Has anybody tried to stain samples for imaging yet? I want to try and stain my cleared mouse brain, but don't want to spill my AB's optimizing this. Do any of you have tips regarding staining of thick slides of mouse brain (5 mm slice)?
Does anyone have any results of staining attempts that they would be willing to share? Has anyone gotten results as well as the authors on very thick tissue pieces or should I try and work with <1mm sections?

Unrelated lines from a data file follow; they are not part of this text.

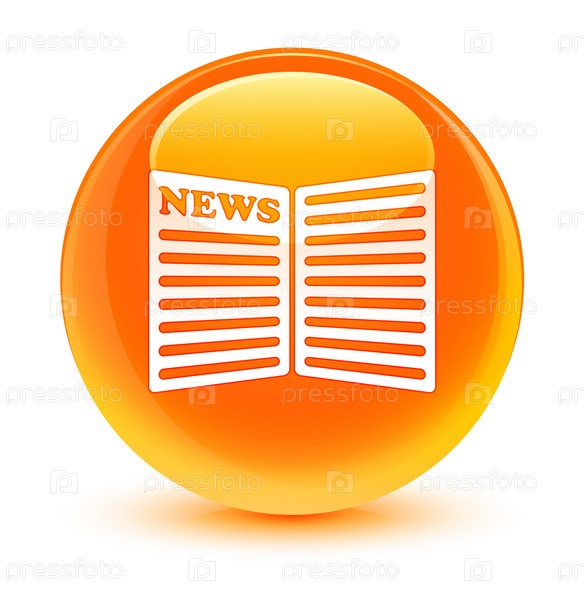 Икона газеты стеклянная оранжевая круглая кнопка
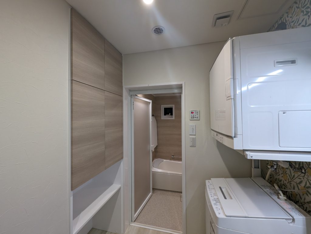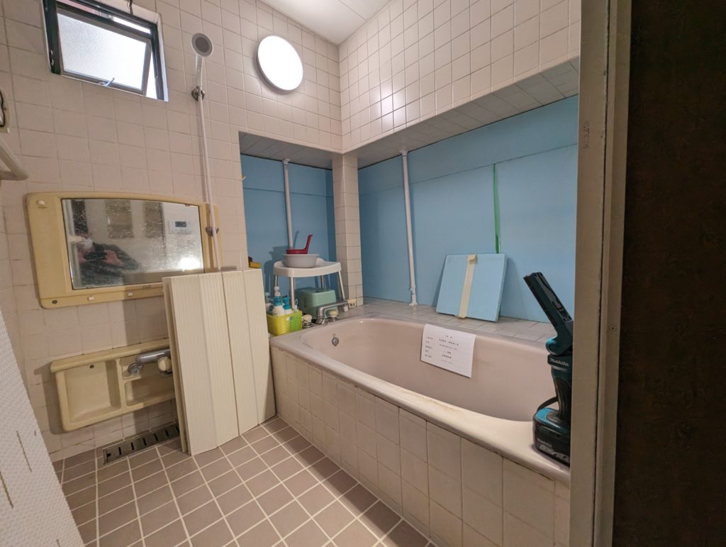 施工後 窓を塞ぎ断熱材入りのユニットバス、浴室暖房乾燥機は洗面所にもダクトで伸びています
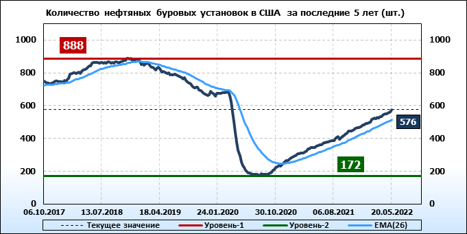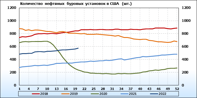 По сообщению Baker Hughes количество нефтяных буровых установок в США на 20.05.22 составило 576 штук. За неделю количество буровых установок выросло на 13 единиц. На прошлой неделе количество установок, которые прекратили работу составило 1 единицу. Количество установок, которые ввели в эксплуатацию составило 14 единиц. По итогам недели рост количества установок очевиден.
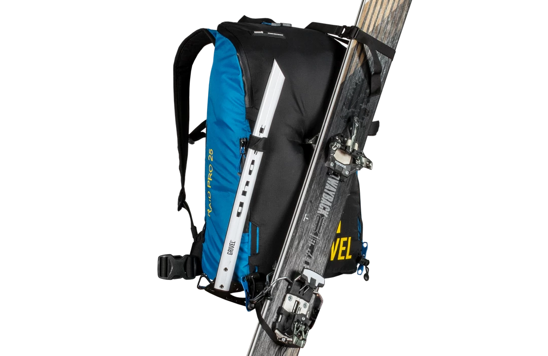 This pack is designed with a very clean, minimal and versatile line, at a very low weight. It features a diagonal concealable ski carrier and double removable ice axe holder. The double opening, on the top and on the back is very practical and comfortable. RECCO reflector included, on the top part.
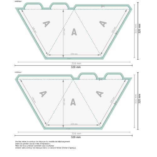 Exigences relatives aux fichiers d'impression Pyramide petite, 3 côtés
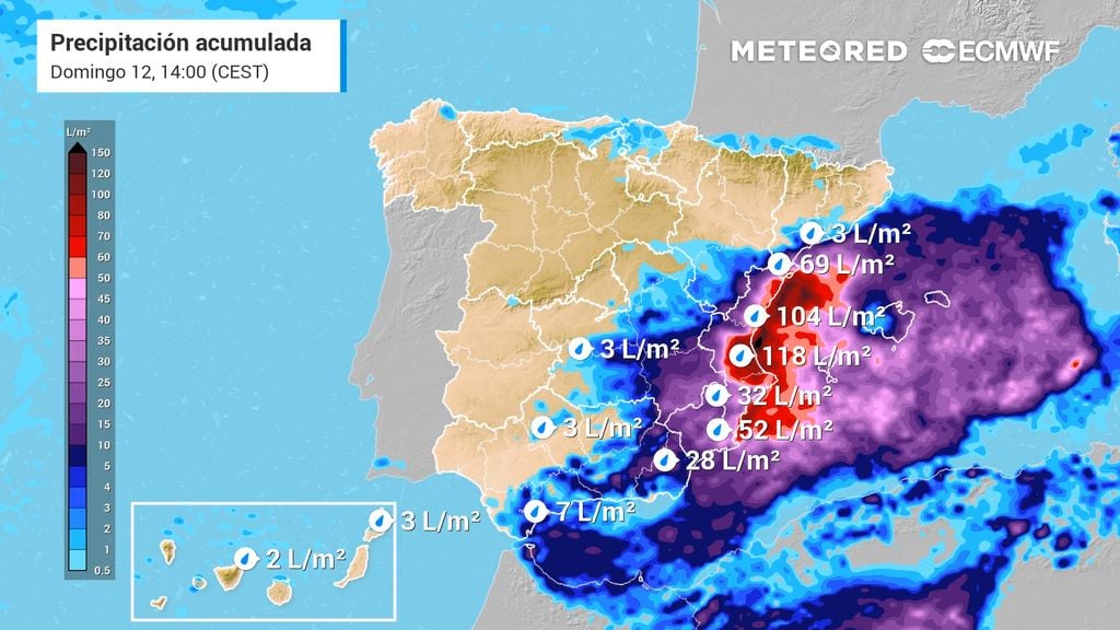 Se trata de una situación clásica de lluvias abundantes y localmente intensas en el este peninsular y Baleares. El anticiclón de las islas británicas está impulsando vientos de levante de largo recorrido marítimo sobre un Mediterráneo aún cálido, mientras que el desplazamiento retrógado de la vaguada aporta aire frío en altura. Esta combinación dispara el desarrollo de nubes convectivas.
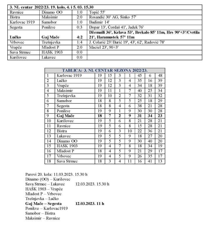 Poslije 19 odigranih kola Gaj drži devetu poziciju s 23 boda. Ovaj tjedan nogometaši trećeligaša iz Mača imaju dvostruki domaći program. Prvo u srijedu u 15.30 dočekuju Vrbovec u zaostaloj utakmici 18. kola, a već u nedjelju u 11 sati u Mače dolazi Segesta u redovnoj utakmici 20. kola.
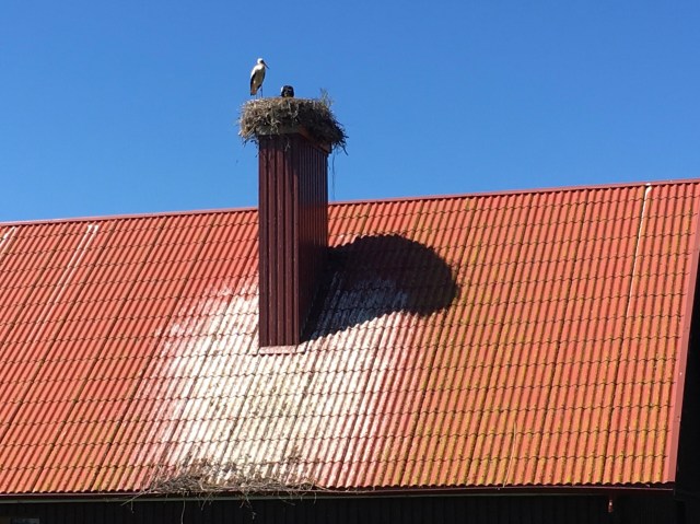 Once ashore, we pedaled south to the overlook at the point, then headed back north to the village of Kintai. On the way, we saw several storks. I wonder how corrosive that guano is. I wouldn’t want them clogging up my chimney.
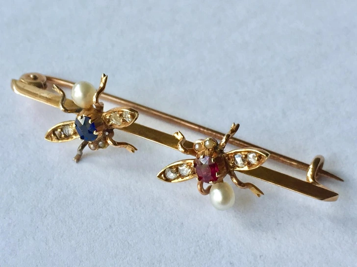 “Went to a house clearance sale and found this pin marked as ’costume jewelry’ for $5. Took it to a jeweler and they confirmed it’s unmarked gold with diamonds and sapphires.”
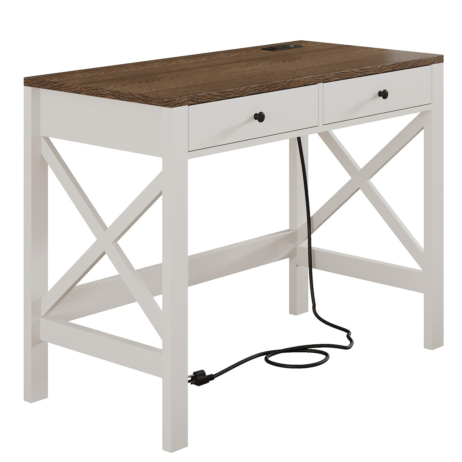 ChooChoo Farmhouse Desk with USB Charging Ports and Power Outlets, 39" Computer Desk with Drawers, Small Study Writing Table with Stable X Frame for Home Office
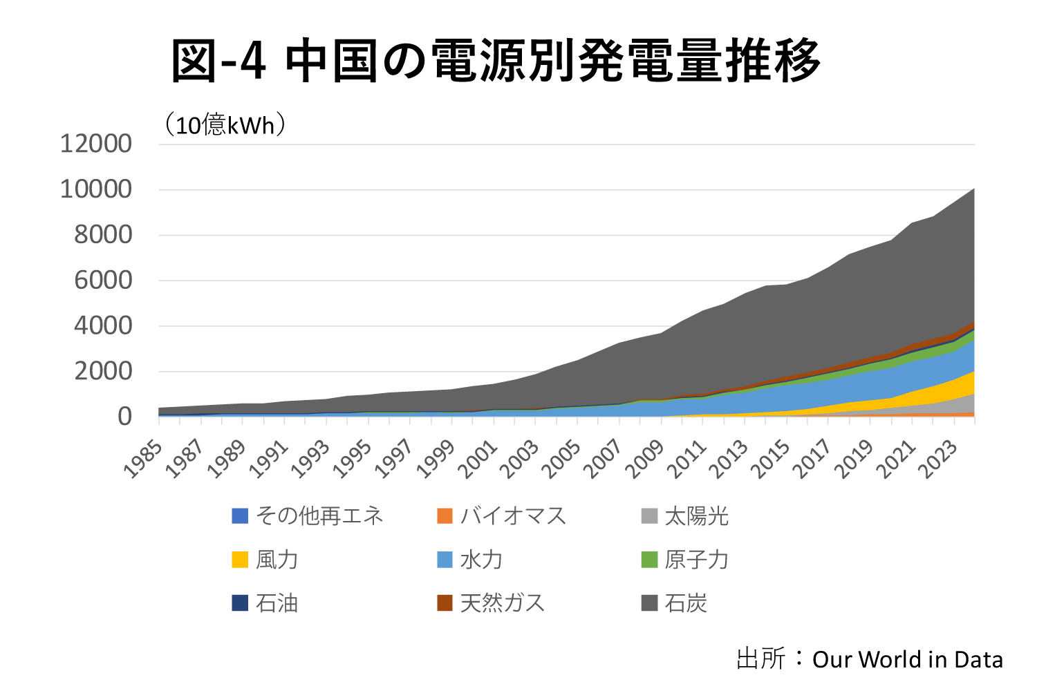 世界の石炭火力の発電量のシェアは35%だが、世界最大の電力消費国で世界の発電量の約3分の1を持つ中国の石炭火力発電量は伸び続け、いま6割のシェアを持つ(図-4)。
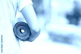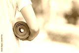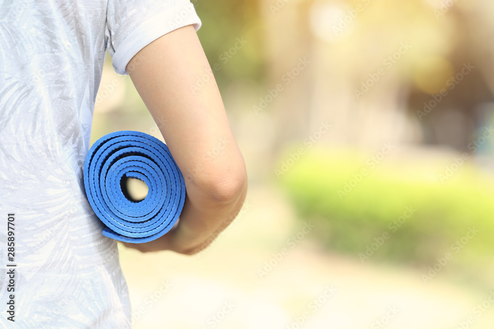 Young woman holding a yoga mat in exercise class for a sport and healthy concept
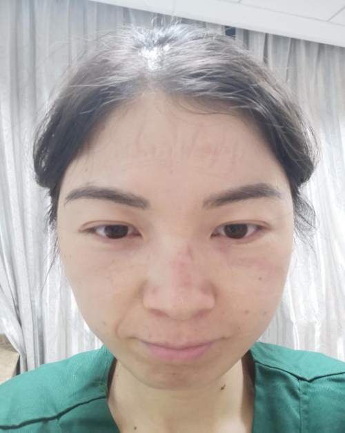 常州市第三人民医院作为当地的传染病专科医院,义无反顾的承担起此次抗击新冠的核心重任。董悦之得知医院要成立紧急救援队时,先后多次主动提交请愿书。正月初一的早上,她收到集合通知,与父母依依不舍的道别后,便迅速返回医院,与其它同仁会和,开始奋斗在常州一线岗位上。她工作的负压病房负责收治确诊与疑似病例,每天在岗的四小时中,需要不间断的为病房二十位以上的病人提供支持性护理治疗措施。在沉重的防护用具的遮盖下,视野因为呼出的雾气而不清晰,平日里看似简单的护理操作也因此变得难以推进。当面临抽血和穿刺时,她需要借助更明亮的光线,甚至暂时屏住呼吸以获片刻的视线清晰以及需要强大的心理应激能力。她心想:“病人已饱受病毒折磨,我一定要在确定穿刺成功的基础上为病人操作,不能再增添他们的痛苦了!”怀有这样信念的她,坚定信心,成功完成后续操作,收获病人感谢话语的那一刻,她的眼眶湿润了。董悦之说:“我感觉此时的我,是一名真正的白衣战士!那一道道被防护用具压出的痕迹是我此生最宝贵的勋章印记!”

The clarified sample(500um) was incubated at 37℃ for 1 day in 0.1%TritonX-100,primary antibody(anti-tublin ,T6793,dilution-1:100)and 1M sodium borate buffer solution ,pH8.5,followed by wash 37℃ for 1day with 0.1%TritonX-100 and 1M sodium borate buffer solution ,pH8.5.
The tissue was then incubated at 37℃ for 1 day in 0.1%TritonX-100,secondary antibody(cy3-goat-antimouse,dilution-1:100)and 1M sodium borate buffer solution ,pH8.5,followed by wash 37℃ for 24h with 0.1%TritonX-100 and 1M sodium borate buffer solution ,pH8.5. And before imaging ,the sample was incubated in FocusClear(300ul) for 24h.
The volume of the diluted staining dye was about 1500ul in a tube(2ml).And when I incubated my sample in the secondary antibody,I also added DAPI in the system(final conc:2ug/ml).But it seemed that the backgound was also too high to recoginzed the nucleus.
I got a huge autofluorescence background both in red and green channel while imaging ETC cleared, and Ab-stained mouse pancreas. To reduce the tissue autofluorescence I even bleached the tissue for 16h in a mixture of MeOH:DMSO:H2O2. The primary and secondary antibodies were diluted in 10% serum in TBST buffer with 5% DMSO. Unfortunatley I could not see any specific staining. Has anybody experienced similar problem with any other mouse tissue ? Pl. share your experience or how to overcome that ? ...Thanks!
You should complete staining after incubating your samples a couple days in PBST. Don't put them in FocusClear until right before you're ready to image (0-1 days).
I'm afraid my attempt failed. I'm going to repeat when I have a chance. This time, I think I'll stick to passive clearing and try a smaller piece of tissue (I tried a kidney half).